Retype, exactly as they stand, the lines from the start of the data to the line that contains "Тройник 32х25х32 для", both ends included. Leave the pictures out.

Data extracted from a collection
────────────────

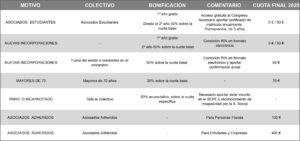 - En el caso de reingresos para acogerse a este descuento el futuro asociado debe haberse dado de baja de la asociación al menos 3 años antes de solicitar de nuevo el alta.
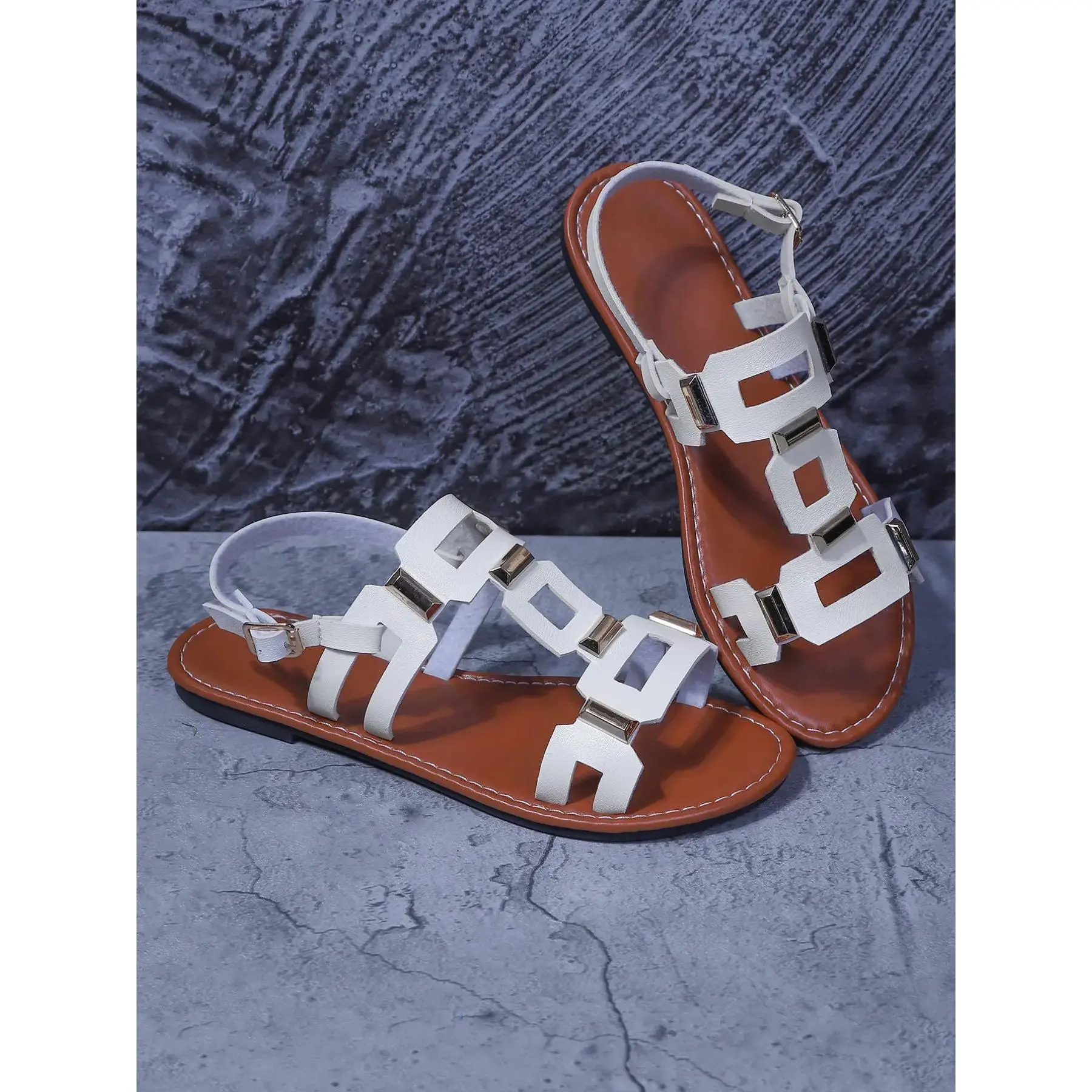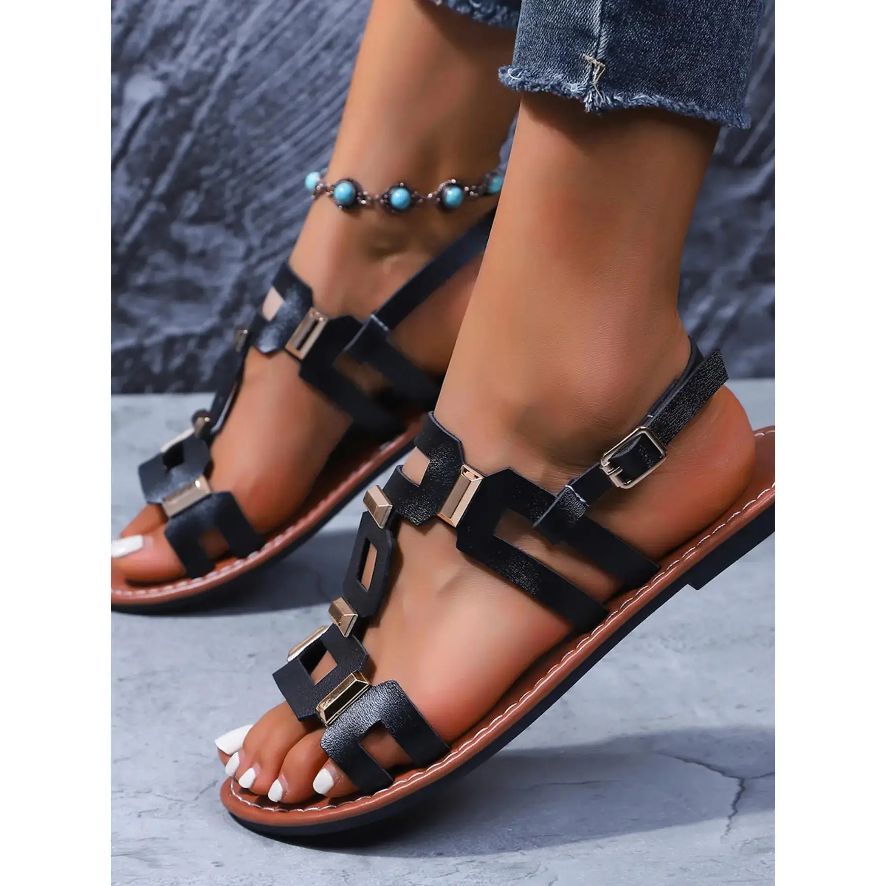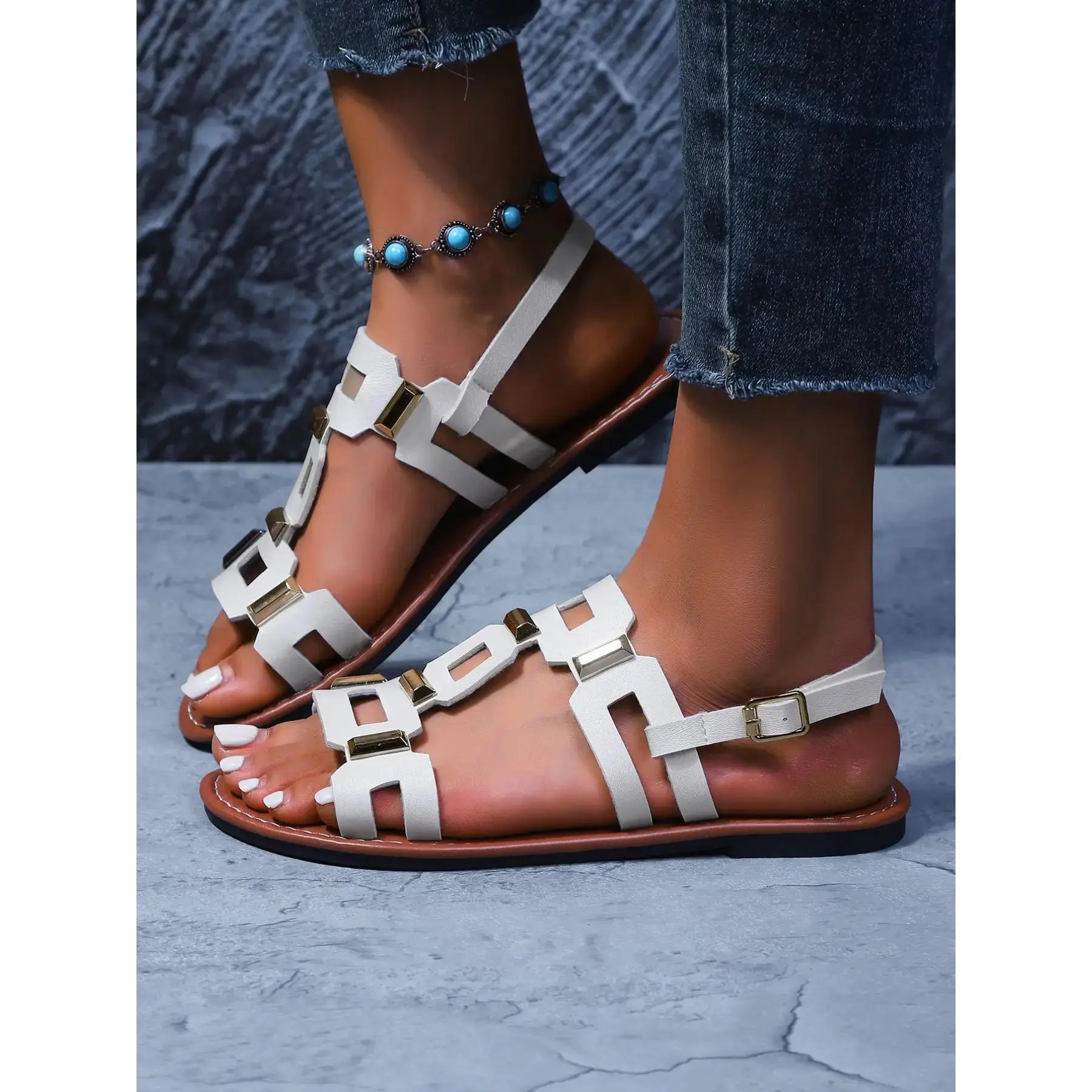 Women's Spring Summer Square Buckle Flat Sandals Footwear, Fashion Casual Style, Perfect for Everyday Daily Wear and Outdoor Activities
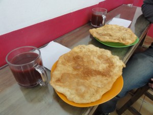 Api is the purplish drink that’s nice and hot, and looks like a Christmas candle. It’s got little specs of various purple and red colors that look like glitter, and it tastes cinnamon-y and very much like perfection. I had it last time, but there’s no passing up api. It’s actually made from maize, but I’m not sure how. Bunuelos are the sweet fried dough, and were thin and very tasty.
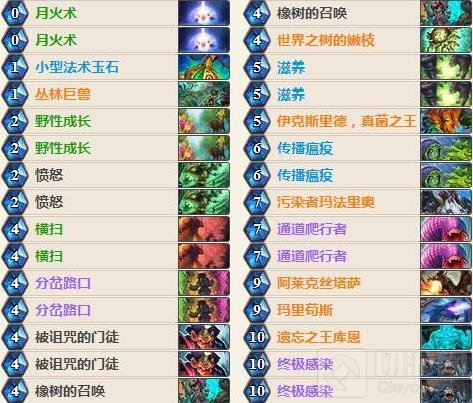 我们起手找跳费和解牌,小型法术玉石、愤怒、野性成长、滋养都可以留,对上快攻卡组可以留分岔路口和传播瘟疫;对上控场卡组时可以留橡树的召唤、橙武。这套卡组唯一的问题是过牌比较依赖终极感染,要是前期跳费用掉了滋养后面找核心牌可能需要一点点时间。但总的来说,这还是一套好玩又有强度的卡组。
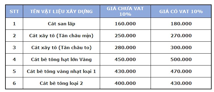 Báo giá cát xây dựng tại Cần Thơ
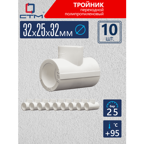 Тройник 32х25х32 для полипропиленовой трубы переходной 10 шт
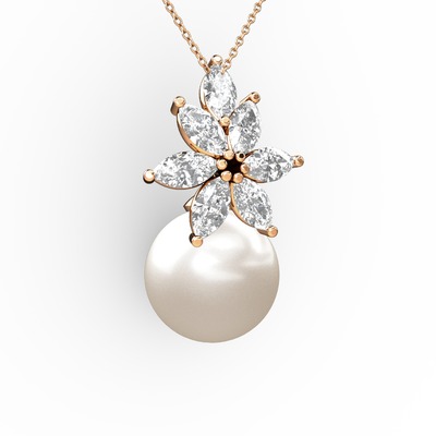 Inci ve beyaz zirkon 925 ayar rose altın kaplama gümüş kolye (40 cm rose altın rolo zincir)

────────────────

→ Solution to this exercise:
 - En el caso de reingresos para acogerse a este descuento el futuro asociado debe haberse dado de baja de la asociación al menos 3 años antes de solicitar de nuevo el alta.
 Women's Spring Summer Square Buckle Flat Sandals Footwear, Fashion Casual Style, Perfect for Everyday Daily Wear and Outdoor Activities
 Api is the purplish drink that’s nice and hot, and looks like a Christmas candle. It’s got little specs of various purple and red colors that look like glitter, and it tastes cinnamon-y and very much like perfection. I had it last time, but there’s no passing up api. It’s actually made from maize, but I’m not sure how. Bunuelos are the sweet fried dough, and were thin and very tasty.
 我们起手找跳费和解牌,小型法术玉石、愤怒、野性成长、滋养都可以留,对上快攻卡组可以留分岔路口和传播瘟疫;对上控场卡组时可以留橡树的召唤、橙武。这套卡组唯一的问题是过牌比较依赖终极感染,要是前期跳费用掉了滋养后面找核心牌可能需要一点点时间。但总的来说,这还是一套好玩又有强度的卡组。
 Báo giá cát xây dựng tại Cần Thơ
 Тройник 32х25х32 для полипропиленовой трубы переходной 10 шт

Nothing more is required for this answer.